▶ _Assigned task_
Restate exactly the lines of the entries below, beginning with the first and ending with the line that holds "为严格贯彻落实党中央关于教师". Pictures are not copied.

BEGIN Records for the exercise

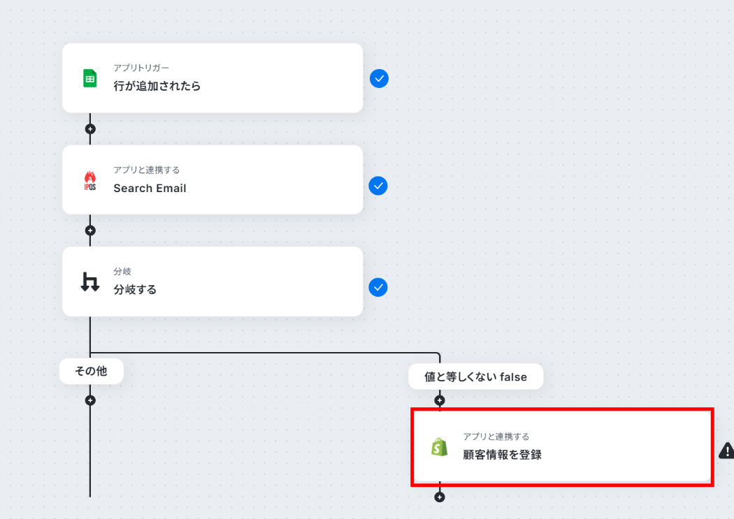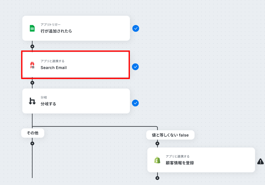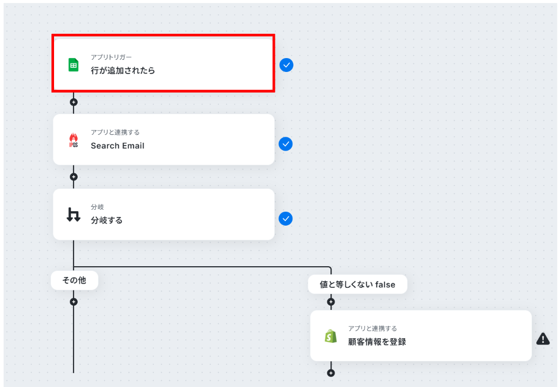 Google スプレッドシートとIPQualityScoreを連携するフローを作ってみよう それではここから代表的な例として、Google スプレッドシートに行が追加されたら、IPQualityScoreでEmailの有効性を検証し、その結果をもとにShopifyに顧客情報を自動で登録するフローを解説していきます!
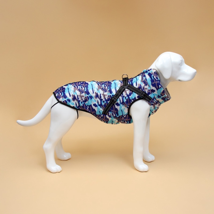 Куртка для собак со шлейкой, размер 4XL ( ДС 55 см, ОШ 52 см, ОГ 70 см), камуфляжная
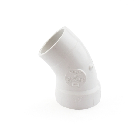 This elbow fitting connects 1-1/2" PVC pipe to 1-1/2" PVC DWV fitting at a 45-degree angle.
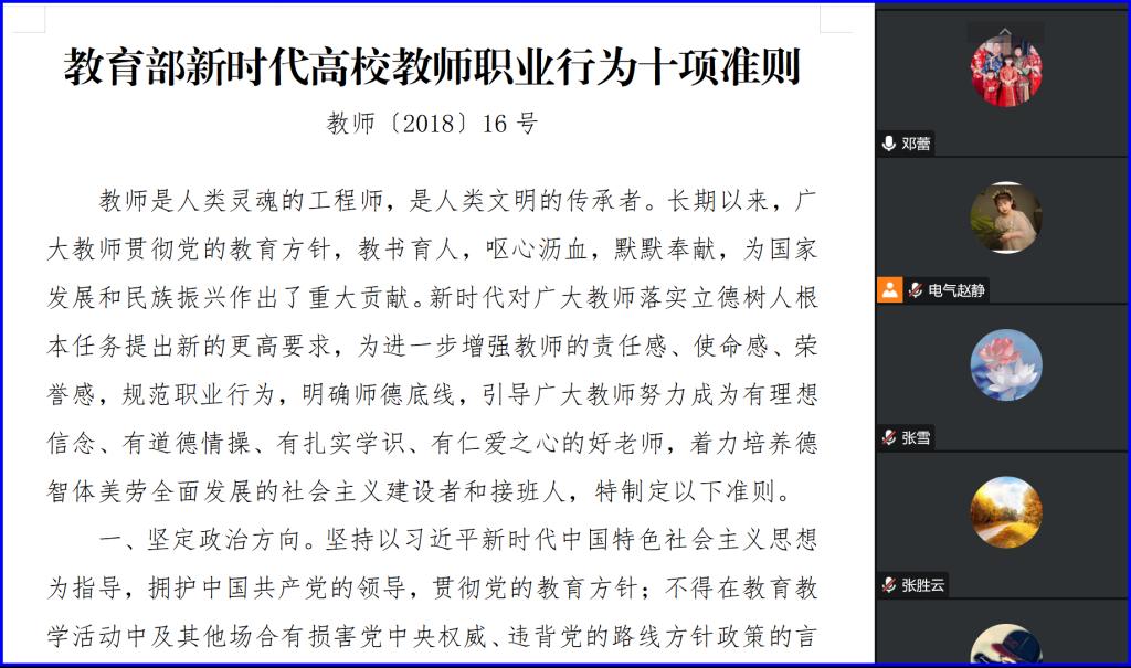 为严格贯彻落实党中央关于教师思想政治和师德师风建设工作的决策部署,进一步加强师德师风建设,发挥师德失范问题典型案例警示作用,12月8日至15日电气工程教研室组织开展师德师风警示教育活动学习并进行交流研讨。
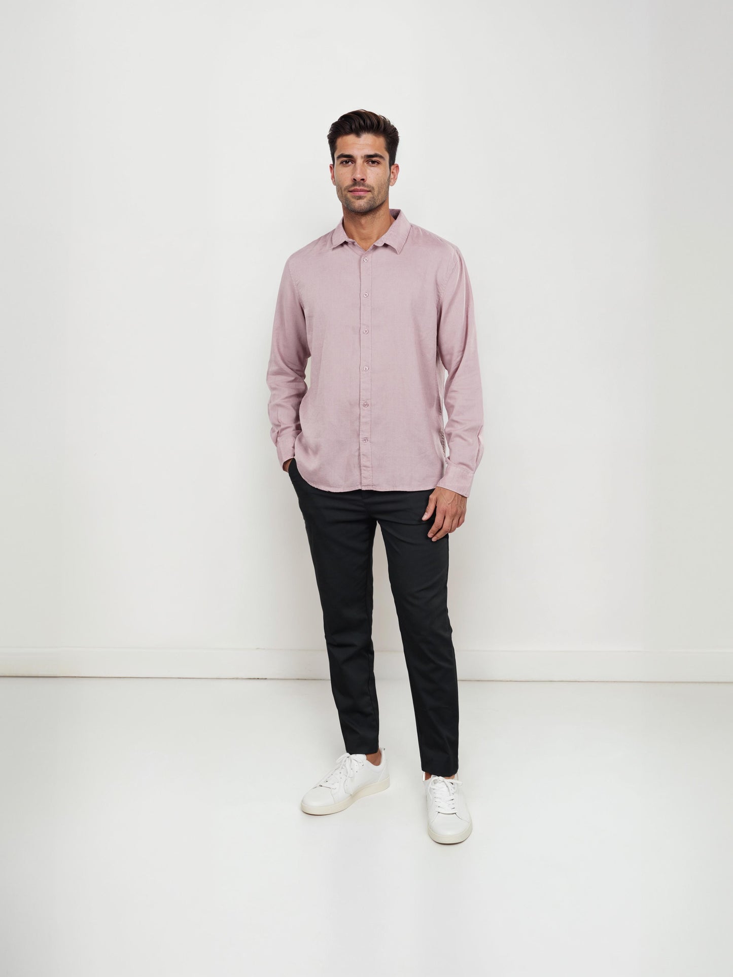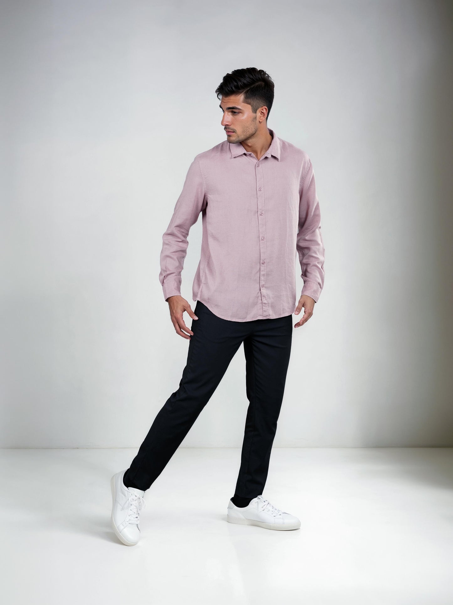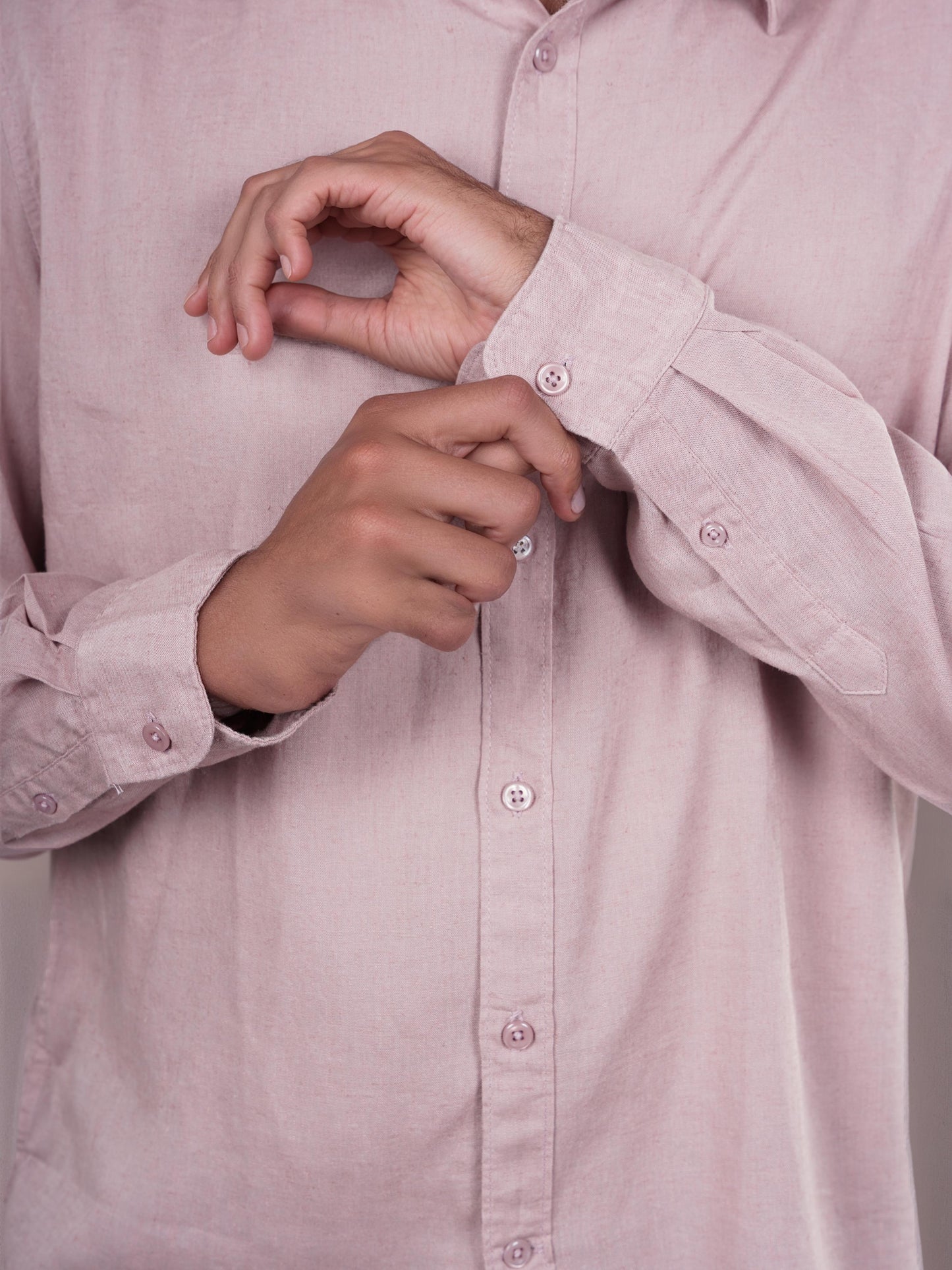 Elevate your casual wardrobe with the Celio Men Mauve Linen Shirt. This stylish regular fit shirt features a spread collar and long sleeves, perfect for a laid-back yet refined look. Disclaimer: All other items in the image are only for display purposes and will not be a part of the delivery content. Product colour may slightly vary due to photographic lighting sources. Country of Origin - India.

END Records for the exercise

▶ _Solution_
 Google スプレッドシートとIPQualityScoreを連携するフローを作ってみよう それではここから代表的な例として、Google スプレッドシートに行が追加されたら、IPQualityScoreでEmailの有効性を検証し、その結果をもとにShopifyに顧客情報を自動で登録するフローを解説していきます!
 Куртка для собак со шлейкой, размер 4XL ( ДС 55 см, ОШ 52 см, ОГ 70 см), камуфляжная
 This elbow fitting connects 1-1/2" PVC pipe to 1-1/2" PVC DWV fitting at a 45-degree angle.
 为严格贯彻落实党中央关于教师思想政治和师德师风建设工作的决策部署,进一步加强师德师风建设,发挥师德失范问题典型案例警示作用,12月8日至15日电气工程教研室组织开展师德师风警示教育活动学习并进行交流研讨。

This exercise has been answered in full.